Add TestNetworkStackService to NetworkStack am: 9e6aeea309 am: 6c47d693b0
Original change: https://android-review.googlesource.com/c/platform/packages/modules/NetworkStack/+/1355068
Change-Id: I451b5459ae43e80328068ad609a0f9d9fd5bb6aa
diff --git a/AndroidManifest.xml b/AndroidManifest.xml
index 879e7ed..82e7047 100644
--- a/AndroidManifest.xml
+++ b/AndroidManifest.xml
@@ -50,6 +50,17 @@
<action android:name="android.net.INetworkStackConnector"/>
</intent-filter>
</service>
+ <!-- Test instrumentation service, only usable on debuggable builds.
+ The service is protected by NETWORK_SETTINGS permissions as there is no better
+ networking-related permission that exists on Q, is sufficiently protected (signature),
+ and can be obtained via shell permissions. -->
+ <service android:name="com.android.server.TestNetworkStackService"

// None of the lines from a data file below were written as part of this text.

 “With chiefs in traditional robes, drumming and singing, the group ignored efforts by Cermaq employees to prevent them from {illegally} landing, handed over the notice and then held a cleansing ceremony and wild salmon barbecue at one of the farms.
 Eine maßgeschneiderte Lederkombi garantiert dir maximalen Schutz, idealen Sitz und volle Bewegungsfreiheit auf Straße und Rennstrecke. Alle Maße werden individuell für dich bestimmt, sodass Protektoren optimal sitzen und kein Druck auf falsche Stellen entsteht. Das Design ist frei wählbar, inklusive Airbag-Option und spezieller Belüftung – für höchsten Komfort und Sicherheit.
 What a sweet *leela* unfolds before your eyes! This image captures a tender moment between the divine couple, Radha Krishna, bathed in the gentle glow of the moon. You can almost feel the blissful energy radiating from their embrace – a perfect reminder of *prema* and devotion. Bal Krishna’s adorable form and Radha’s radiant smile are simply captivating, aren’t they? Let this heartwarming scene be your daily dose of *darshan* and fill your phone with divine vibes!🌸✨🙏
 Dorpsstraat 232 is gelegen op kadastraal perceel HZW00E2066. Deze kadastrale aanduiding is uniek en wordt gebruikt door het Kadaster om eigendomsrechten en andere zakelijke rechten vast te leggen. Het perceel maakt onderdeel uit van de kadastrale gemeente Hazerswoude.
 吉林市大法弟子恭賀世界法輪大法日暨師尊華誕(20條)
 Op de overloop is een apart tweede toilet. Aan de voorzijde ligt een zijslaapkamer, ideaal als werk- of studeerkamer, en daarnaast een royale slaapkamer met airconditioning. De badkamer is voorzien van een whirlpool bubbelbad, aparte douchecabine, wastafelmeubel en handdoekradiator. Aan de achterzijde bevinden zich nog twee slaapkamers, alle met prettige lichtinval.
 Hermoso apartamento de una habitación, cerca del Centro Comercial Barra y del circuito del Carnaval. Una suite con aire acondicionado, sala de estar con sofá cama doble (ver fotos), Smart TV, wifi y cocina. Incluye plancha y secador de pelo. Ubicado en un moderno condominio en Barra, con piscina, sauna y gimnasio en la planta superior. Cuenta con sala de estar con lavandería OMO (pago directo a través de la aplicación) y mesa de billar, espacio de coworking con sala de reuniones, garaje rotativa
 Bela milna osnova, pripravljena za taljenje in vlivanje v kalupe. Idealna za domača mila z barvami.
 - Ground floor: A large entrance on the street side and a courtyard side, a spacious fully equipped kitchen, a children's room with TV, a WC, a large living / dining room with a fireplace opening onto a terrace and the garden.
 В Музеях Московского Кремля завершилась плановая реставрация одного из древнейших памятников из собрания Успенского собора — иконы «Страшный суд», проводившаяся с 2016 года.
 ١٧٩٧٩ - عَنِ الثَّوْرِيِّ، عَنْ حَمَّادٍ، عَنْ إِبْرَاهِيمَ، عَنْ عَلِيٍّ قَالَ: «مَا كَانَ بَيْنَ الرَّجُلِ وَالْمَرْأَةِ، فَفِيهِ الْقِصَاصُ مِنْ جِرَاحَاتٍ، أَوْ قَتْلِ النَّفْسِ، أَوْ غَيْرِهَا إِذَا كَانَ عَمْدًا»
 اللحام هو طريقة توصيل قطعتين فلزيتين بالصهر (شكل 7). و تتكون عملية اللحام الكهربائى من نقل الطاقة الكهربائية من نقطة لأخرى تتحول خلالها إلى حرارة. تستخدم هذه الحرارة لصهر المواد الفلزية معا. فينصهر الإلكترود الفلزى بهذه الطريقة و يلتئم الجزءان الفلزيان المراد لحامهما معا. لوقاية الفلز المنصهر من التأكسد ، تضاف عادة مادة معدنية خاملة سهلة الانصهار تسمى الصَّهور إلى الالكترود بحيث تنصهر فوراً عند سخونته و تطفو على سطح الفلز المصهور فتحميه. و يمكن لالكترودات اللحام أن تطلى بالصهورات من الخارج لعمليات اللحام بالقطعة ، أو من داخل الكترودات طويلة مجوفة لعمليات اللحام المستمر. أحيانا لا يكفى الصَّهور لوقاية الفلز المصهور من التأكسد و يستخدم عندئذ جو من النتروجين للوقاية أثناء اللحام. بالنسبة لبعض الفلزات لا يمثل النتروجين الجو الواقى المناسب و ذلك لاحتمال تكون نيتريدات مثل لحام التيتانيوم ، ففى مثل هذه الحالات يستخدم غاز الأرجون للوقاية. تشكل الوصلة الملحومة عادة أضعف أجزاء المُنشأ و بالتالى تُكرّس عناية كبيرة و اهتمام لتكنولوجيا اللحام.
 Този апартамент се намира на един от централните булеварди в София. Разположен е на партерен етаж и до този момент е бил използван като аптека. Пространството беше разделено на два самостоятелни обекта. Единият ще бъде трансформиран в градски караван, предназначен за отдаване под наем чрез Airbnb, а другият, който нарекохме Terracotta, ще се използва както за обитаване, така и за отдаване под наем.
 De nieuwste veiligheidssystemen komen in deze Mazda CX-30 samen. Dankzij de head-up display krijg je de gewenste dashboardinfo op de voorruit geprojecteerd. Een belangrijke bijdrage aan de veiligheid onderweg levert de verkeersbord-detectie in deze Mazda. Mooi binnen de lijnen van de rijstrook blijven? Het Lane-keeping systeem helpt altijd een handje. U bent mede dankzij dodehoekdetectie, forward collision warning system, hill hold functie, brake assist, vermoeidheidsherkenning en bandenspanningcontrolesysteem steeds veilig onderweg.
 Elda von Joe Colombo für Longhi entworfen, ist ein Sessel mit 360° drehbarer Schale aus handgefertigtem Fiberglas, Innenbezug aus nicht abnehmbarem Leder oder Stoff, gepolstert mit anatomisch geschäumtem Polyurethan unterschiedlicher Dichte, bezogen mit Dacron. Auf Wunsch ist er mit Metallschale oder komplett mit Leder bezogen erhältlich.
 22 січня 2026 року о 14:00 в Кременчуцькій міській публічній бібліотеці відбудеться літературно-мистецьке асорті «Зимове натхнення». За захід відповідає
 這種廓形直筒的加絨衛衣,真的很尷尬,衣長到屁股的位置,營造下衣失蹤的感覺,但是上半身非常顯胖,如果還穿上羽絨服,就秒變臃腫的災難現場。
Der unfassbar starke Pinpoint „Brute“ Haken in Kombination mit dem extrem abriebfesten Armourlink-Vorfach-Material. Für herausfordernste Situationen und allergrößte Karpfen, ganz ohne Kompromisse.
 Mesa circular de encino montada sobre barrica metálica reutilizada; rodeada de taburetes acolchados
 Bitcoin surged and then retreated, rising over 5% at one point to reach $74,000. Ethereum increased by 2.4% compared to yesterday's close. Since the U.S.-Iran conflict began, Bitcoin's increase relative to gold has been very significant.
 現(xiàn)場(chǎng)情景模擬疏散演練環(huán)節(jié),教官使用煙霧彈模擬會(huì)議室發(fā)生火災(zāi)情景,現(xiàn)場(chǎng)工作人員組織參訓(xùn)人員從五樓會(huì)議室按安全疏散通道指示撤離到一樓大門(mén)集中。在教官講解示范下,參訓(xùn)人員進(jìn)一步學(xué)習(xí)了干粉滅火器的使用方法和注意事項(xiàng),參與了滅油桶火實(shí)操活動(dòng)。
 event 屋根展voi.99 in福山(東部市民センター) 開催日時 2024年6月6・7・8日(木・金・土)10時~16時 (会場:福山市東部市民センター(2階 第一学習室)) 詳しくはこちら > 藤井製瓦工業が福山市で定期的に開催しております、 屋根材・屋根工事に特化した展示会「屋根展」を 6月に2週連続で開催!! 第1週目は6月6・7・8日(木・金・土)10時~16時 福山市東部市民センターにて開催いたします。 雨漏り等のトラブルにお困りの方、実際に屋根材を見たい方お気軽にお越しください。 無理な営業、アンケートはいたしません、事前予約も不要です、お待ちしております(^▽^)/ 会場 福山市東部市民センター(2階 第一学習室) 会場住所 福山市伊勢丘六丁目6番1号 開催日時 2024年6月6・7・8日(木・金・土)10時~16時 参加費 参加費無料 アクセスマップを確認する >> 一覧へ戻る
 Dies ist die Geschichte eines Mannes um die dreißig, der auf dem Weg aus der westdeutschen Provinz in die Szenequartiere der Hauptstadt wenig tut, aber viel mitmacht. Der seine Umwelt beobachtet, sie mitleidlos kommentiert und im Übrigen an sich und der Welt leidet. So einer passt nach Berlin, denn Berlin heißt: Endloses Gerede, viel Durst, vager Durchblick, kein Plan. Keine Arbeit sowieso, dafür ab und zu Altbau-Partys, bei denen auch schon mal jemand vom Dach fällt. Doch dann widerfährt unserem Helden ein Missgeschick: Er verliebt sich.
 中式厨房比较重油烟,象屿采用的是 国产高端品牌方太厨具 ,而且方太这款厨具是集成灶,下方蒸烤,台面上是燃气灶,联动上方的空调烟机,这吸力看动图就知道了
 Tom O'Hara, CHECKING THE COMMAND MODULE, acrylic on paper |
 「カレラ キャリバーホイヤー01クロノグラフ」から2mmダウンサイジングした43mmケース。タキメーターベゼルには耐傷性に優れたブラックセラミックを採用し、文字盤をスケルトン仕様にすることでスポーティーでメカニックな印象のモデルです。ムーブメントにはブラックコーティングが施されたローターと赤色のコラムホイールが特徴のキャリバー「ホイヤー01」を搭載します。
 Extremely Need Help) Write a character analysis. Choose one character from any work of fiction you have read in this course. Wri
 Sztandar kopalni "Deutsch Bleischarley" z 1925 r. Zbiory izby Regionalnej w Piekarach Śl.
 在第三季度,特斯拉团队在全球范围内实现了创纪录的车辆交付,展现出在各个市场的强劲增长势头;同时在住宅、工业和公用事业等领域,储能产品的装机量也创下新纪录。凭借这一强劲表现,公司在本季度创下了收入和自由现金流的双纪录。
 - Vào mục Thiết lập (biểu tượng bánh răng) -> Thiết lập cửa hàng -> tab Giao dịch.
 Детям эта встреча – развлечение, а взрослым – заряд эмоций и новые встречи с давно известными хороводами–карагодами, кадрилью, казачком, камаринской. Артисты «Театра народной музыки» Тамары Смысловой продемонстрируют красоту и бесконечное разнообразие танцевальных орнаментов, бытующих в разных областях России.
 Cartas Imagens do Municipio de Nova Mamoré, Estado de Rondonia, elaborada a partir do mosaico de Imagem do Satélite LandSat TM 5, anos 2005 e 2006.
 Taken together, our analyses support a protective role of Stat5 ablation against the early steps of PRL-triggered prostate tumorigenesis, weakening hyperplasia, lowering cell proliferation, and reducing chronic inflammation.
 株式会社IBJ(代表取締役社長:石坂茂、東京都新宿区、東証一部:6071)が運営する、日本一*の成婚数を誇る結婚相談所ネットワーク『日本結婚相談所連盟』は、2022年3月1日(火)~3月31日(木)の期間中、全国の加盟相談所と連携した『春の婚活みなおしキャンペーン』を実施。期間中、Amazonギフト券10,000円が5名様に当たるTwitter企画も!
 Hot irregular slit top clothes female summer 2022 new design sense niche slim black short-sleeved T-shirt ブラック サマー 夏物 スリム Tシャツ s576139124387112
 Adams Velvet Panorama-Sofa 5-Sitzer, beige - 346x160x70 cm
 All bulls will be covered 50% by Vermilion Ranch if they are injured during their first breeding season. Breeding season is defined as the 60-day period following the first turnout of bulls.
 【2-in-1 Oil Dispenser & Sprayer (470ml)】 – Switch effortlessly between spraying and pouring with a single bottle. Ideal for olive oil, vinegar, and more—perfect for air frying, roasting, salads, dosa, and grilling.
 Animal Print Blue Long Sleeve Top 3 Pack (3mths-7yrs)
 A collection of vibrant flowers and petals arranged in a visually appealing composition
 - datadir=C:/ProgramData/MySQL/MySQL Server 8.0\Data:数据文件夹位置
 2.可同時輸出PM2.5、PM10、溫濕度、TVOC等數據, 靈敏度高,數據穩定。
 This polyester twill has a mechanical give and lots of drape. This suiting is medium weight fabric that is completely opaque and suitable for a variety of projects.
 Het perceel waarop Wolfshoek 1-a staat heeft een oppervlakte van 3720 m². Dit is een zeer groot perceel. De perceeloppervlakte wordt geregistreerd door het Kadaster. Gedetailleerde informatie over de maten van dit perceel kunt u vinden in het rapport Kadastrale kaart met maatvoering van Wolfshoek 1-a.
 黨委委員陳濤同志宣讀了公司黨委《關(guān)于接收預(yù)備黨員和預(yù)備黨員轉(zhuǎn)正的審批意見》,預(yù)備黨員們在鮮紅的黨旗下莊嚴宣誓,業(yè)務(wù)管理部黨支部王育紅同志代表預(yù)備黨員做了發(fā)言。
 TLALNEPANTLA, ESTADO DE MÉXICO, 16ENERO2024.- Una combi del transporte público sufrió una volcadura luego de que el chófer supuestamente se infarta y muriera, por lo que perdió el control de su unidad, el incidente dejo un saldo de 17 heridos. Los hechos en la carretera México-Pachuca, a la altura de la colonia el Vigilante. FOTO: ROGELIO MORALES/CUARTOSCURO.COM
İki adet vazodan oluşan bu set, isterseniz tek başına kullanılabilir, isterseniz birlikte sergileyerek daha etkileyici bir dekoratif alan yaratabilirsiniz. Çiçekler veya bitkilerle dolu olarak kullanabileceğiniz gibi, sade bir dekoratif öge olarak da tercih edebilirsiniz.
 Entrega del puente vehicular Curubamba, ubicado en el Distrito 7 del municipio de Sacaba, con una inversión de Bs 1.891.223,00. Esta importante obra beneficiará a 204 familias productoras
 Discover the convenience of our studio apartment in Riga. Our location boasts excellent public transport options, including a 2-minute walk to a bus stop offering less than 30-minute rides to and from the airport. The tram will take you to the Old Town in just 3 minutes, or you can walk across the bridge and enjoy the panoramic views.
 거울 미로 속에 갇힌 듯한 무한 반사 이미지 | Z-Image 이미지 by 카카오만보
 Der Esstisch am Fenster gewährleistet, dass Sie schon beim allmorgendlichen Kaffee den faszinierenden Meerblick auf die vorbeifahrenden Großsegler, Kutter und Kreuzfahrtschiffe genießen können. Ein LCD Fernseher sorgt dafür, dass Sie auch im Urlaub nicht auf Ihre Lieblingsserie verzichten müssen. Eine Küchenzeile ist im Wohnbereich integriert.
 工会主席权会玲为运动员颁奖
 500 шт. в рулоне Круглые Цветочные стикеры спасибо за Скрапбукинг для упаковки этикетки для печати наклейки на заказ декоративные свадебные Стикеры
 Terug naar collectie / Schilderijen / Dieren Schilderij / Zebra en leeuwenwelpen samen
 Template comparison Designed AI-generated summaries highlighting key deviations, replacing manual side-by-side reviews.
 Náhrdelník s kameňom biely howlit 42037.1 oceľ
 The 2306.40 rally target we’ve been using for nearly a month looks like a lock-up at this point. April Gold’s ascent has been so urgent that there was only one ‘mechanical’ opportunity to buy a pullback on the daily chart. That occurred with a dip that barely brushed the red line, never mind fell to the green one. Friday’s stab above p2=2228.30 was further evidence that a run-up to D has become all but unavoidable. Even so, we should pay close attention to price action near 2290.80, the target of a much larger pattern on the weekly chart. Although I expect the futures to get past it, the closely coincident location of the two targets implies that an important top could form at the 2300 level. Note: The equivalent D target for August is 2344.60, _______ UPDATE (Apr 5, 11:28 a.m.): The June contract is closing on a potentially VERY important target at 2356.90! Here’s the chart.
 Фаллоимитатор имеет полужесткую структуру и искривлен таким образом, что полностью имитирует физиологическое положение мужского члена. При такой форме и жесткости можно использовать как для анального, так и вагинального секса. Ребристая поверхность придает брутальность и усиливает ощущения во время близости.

+ android:permission="android.permission.NETWORK_SETTINGS"
+ android:exported="true">
+ <intent-filter>
+ <action android:name="android.net.INetworkStackConnector.Test"/>
+ </intent-filter>
+ </service>
<service android:name="com.android.server.connectivity.ipmemorystore.RegularMaintenanceJobService"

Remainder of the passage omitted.